Anti-war demonstrations took place in Damascus, Syria; Baghdad, Iraq; Sanaa, Yemen; Muscat, Oman; Amman, Ma'an, and Irbid, Jordan; Widhat, Beirut and Sidon, Lebanon; Bethlehem, Nablus, Tulkarm, Jenin, Ramallah and Gaza, Palestinian cities in the West Bank and Gaza Strip; Tel Aviv, Israel, and in the nation of Bahrain. As is the case in Egypt, demonstrations are not common in many of these less-than-democratic countries and some regimes saw themselves in danger because of riots. The United States requested Egypt to send troops to participate in the U.S. led coalition invasion of Iraq, which was a request rebuffed by Egypt's Mubarak.

===Asia===

==== India ====
As the Iraqi crisis unfolded, India had taken the consistent position that Iraq must fully comply with UN Security Council Resolutions for the elimination of weapons of mass destruction from its territory. The Indian Foreign Ministry counsel has been against war and in favour of peace. It has emphasised that all decisions on Iraq must be taken under the authority of the United Nations. The counsel stated that any move for change in regime in Iraq should come from within and not be imposed from outside. The counsel has also been drawing attention to the precarious humanitarian situation of the Iraqi people which war would only aggravate.

The counsel was deeply disappointed by the inability of the UN Security Council to act collectively, specially the failure of the Permanent Members to harmonise their positions on Iraq.

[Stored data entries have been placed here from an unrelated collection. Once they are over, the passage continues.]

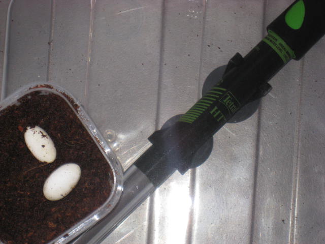 Pues resulta que me compre hace bastante tiempo una hembra HY adulta y la junte con Almo y hoy por la mañana me encontre los huevos fuera del tupper donde tenia la fibra de coco, encima de una cueva , asi que los puse en un tupper mas pequeño con f.c y en una incubadora casera que me he hecho. La incuabadora consiste en un calentador de acuario 20cm de agua dentro de un tupper y encima flotando el tupper con los 2 huevitos. La cosa es que los huevos estan muy bien y con buen color y eso que dicen que las 1eras puestas de una hembra primeriza no son fertiles, pues de momento la mia esta bien ;) .
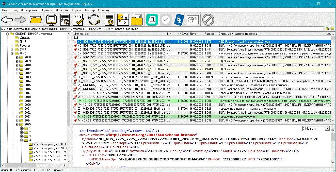 - И, наконец, напомним о возможностях программы «Баланс-2: Файловый архив электронных документов» (Б2: ФАЭД) при работе с файлами деклараций по НДС, книг покупок и книг продаж, журналами счетов-фактур, реестрами документов по НДС. Б2: ФАЭД позволяет определять и проверять формат файлов по xsd-схеме, определять «назначения» файлов и их электронных подписей, формировать печатные формы документов со сведениями об электронных подписях.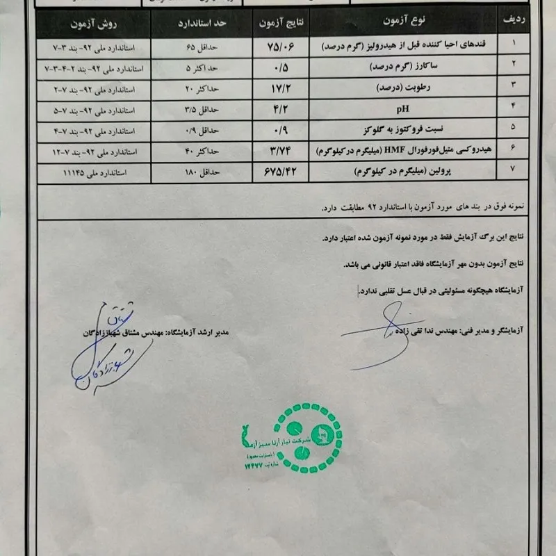 نظر و تجربه خرید عسل طبیعی نمونه مخصوص خوانسار -۲۰۰۰ گرمدر تاریخ ۱۱ آبان ۱۴۰۴
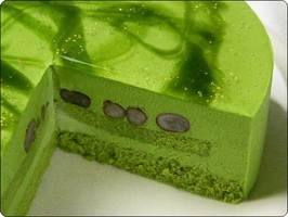 天保7年創業の京都・宇治のお茶の老舗から、夏にふさわしい柔らかい抹茶のチーズケーキ。こだわりの味いっぱい!です。京都・宇治・お茶の森半森半の茶師が選び抜いた風味豊かな宇治抹茶を使い、口どけなめらか、軽いムース仕立て・・・抹茶ペーストの素敵なマーブル模様に金箔がちりばめられているんです!♪抹茶レアチーズムースケーキ [ふうわり、なめらか、軽いムース仕立ての抹茶チーズケーキ]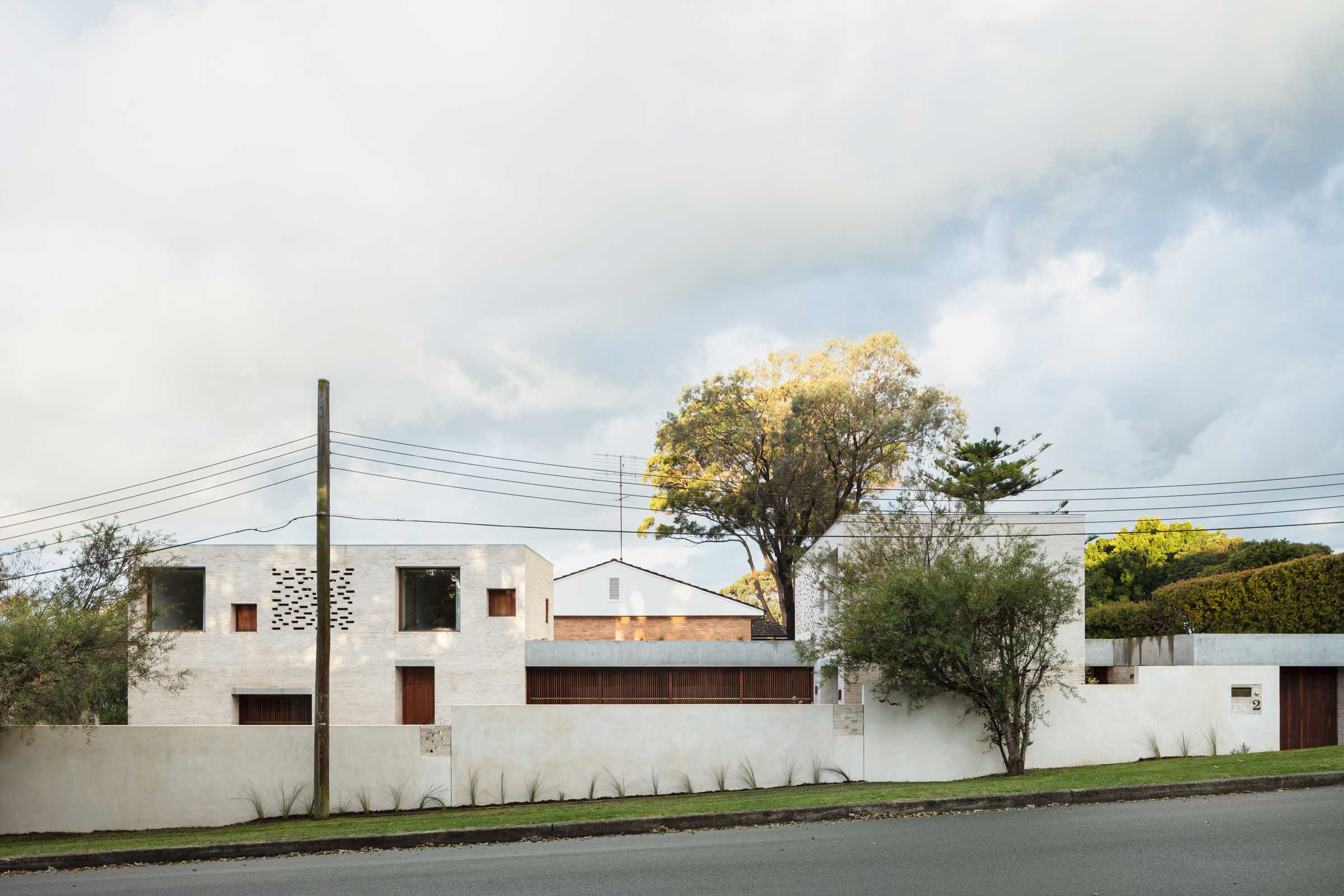 Curl Curl House is, in essence, a walled garden house. In its context, it feels calm, confident, and quiet. Its twin sentinels sit behind their boundary wall, peering above the fence and visible between growing greenery.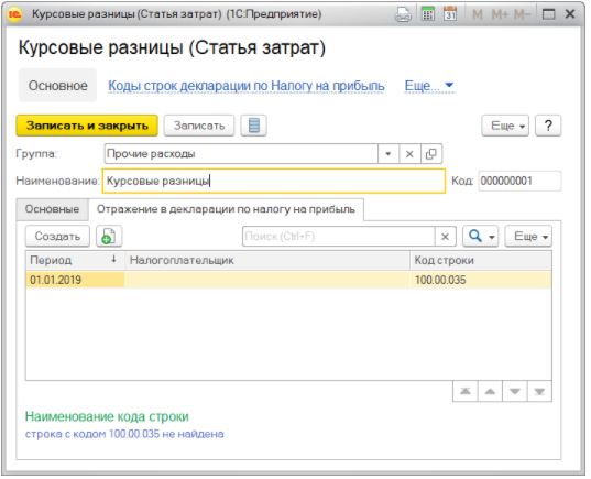 2. Далее, запускаем справочник «Статьи затрат для элемента курсовые разницы». В нём, необходимыми, в первую очередь, являются коды по строкам, которые сопоставляются с конкретными декларациями на конкретный момент, актуальный. Примеры таких кодов и справочника отображены ниже:
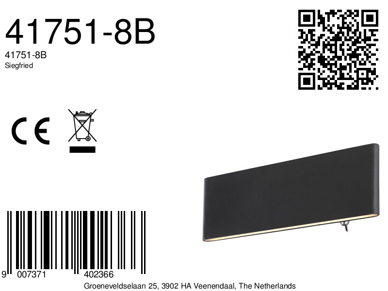 De Siegfried wandlamp verenigt functionaliteit met een eigentijds design. Deze lamp, zorgvuldig vervaardigd uit zwart aluminium en acryl, heeft een lengte van 22,5 cm en biedt een breed scala aan toepassingen. Een ingebouwde LED-lamp van standaard formaat produceert een krachtige lichtopbrengst van 240 lumen, in een warm witte kleurtemperatuur van 3000K. Wanneer de lamp naar boven en naar beneden straalt, creëert het een gastvrije en knusse sfeer in elke woonruimte.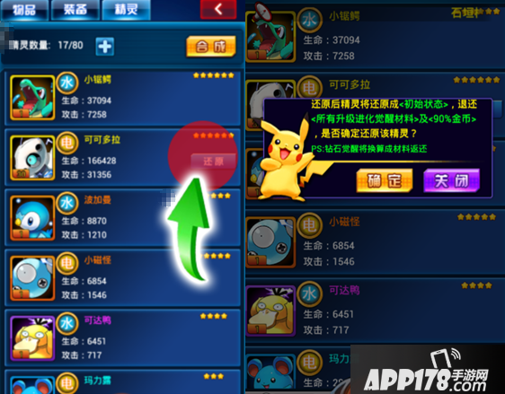 精灵进化(还原/降星):对于暂时不用的精灵,己经升了等级、进化。但现在想取消浪费在上面的金钱、经验,进化材料。就可以使用这个功能。
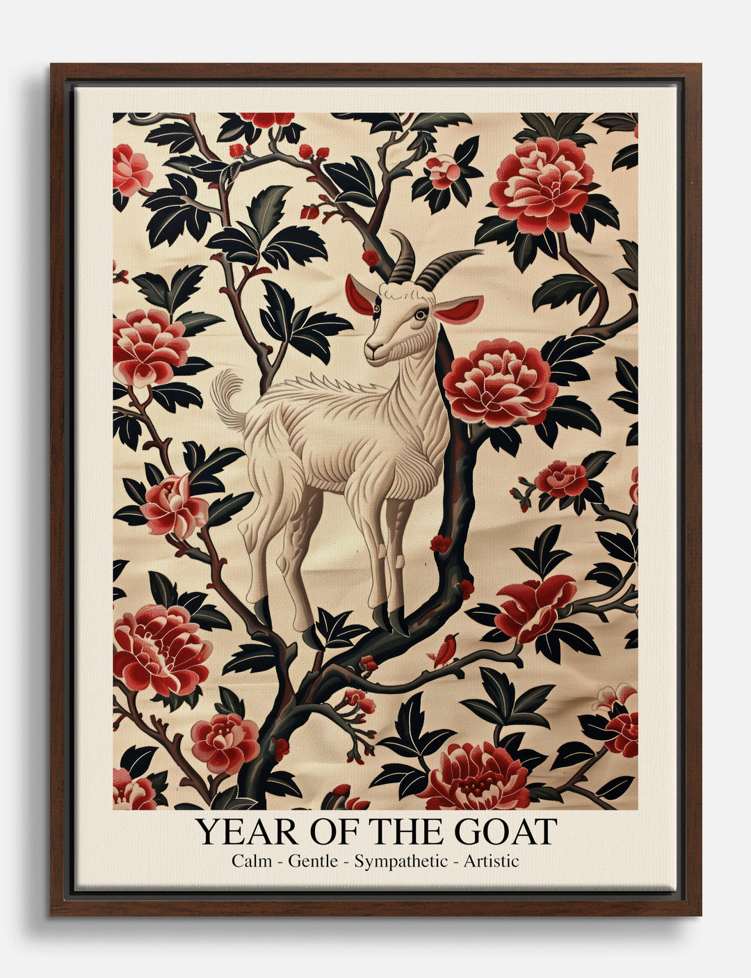 A gentle goat stands among lush, blooming branches, infusing your space with a sense of calm artistry. This piece radiates tranquility and creativity, perfect for anyone who wants their home to feel both grounded and expressive.

The counsel stressed that "As long as the peaceful disarmament of Iraq has the slightest chance, we would continue to urge caution, self-restraint and high sense of responsibility on the part of concerned parties".

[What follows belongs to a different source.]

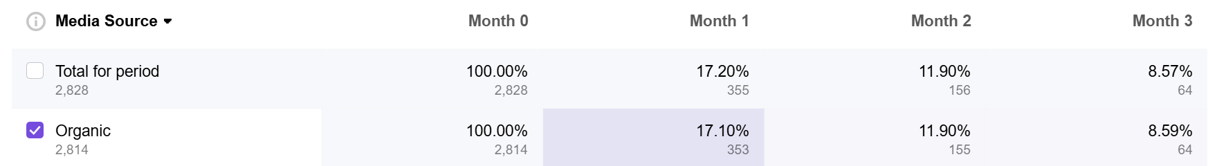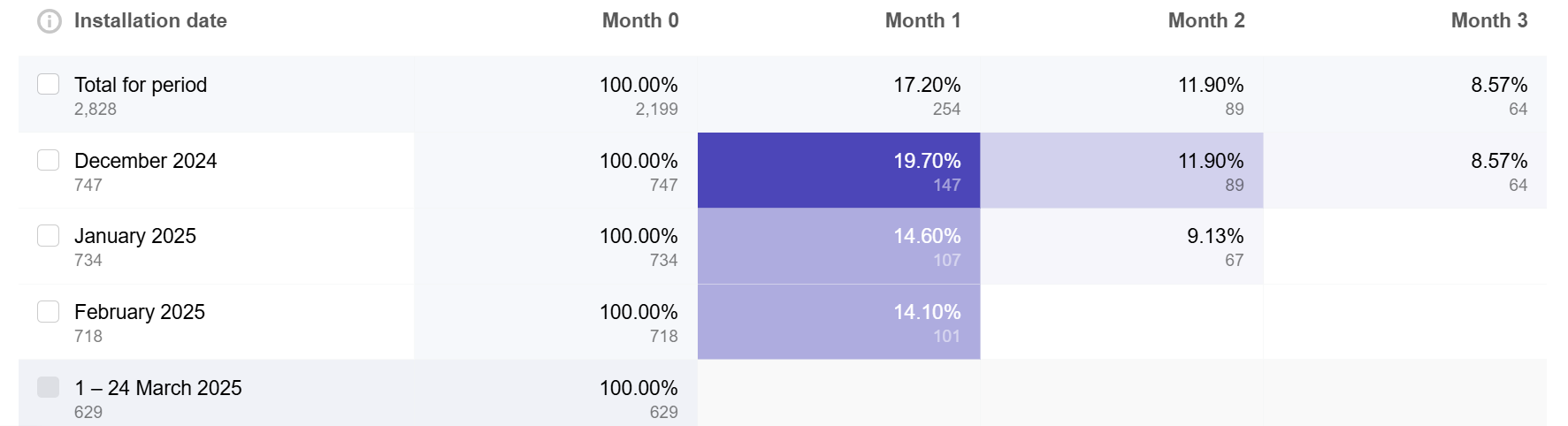 The percentage of users who installed the app during a given day, week, or month (the reference period) and then returned to the app (opened it) on a specific day, week, or month after installing. Is calculated as the ratio of the number of users running the app during the Nth day, week, or month to the number of users who installed the app in the reference period (this number is taken as 100%).

On 27 November 2002, Indian Foreign Minister Yashwant Sinha called Saddam Hussein "a friend of India" and said that "any military conflict will be disastrous from our point of view and we do not want a situation like the one we faced in 1991 after the Gulf War". At the same time, both Sinha and Indian lawmakers called Hussein to abide by UN resolutions and allow weapons inspectors.

==== Saudi Arabia ====
Pre-war, Saudi Arabia's public position had been one of neutrality in the conflict; worldwide media reported that, despite numerous American attempts, Saudi Arabia would not offer the American military any use of its land as a staging ground for the invasion of Iraq. In an interview, Prince Saud Alfaysal, Saudi Arabia's foreign minister when asked whether Saudi Arabia would allow more US troops to be placed on Saudi soil, the foreign minister replied, "under the present circumstances with no proof that there is a threat imminent from Iraq, I do not think Saudi Arabia will join in". It was also eventually learned that a high-ranking Saudi prince had been at the White House on the day that the Iraq war began, and Bush administration officials told the prince to alert his government that the initial phase of the war had begun, hours before missiles first landed in Baghdad. Officially, Saudi Arabia wished to see Saddam Hussein and the Ba'ath regime go, but feared the aftermath. As the US invasion of Iraq became inevitable, the question of whether Saudi Arabia wanted the Baath regime replaced by a pro-Western government "pumping oil in greater quantities than Saudi Arabia" posed a dilemma for the Saudi government. Furthermore, Saudi Arabia worried about the possibility of an Iraqi Shia pro-Iranian government installed at its doorstep, following the demise of Saddam's Sunni regime. On 4 November 2002, Faysal told CNN that Saudi Arabia would not allow US use of Saudi facilities to invade Iraq. Moreover, in the same month, during a televised address on Saudi television, Crown Prince Abdullah insisted that "our armed forces will not, under no circumstances, step one foot into Iraqi territory".

==== Syria ====

Syria opposed the war and refused to submit to Washington's demand for co-operation. It acted in concert with Russia, France, and Germany in the Security Council, even voting in support of Resolution 1441, mandating the renewal of United Nations weapons inspections in Iraq. Syria's UN ambassador, Makhail Wehbe, said he believed that the evidence presented by the United States to the Security Council on Iraq's weapons had been fabricated. Syrian commentators explained that none of Iraq's neighbors felt it was a threat, and that weapons of mass destruction were a mere pretext for a war motivated by the interests of Israel and the US companies that hoped to profit from post-war reconstruction contracts.

==== Jordan ====

King Abdullah II of Jordan advised Washington against the Iraq War but later gave the invading coalition covert and tacit support, in defiance of the overwhelming opinion of his own public. The Jordanian government publicly opposed the war against Iraq. The King stressed to the United States and European Union that a diplomatic solution, in accordance with UN Security Council (UNSC) resolutions 1284 (1999) and 1409 (2002), was the only appropriate model for resolving the conflict between Iraq and the UN. In August 2002 he told the Washington Post that an attempt to invade Iraq would be a "tremendous mistake" and that it could "throw the whole area into turmoil".

==== China ====

China pressed for continued U.N. weapons inspections in Iraq after two arms inspectors told the Security Council they had found no evidence of weapons of mass destruction. Beijing insisted on staking out a “principled” and independent position on U.S. intervention in Iraq. Although it stated its wish that the situation be resolved peacefully, China did not threaten to exercise its Security Council veto and had abstained in many previous decisions on Iraq.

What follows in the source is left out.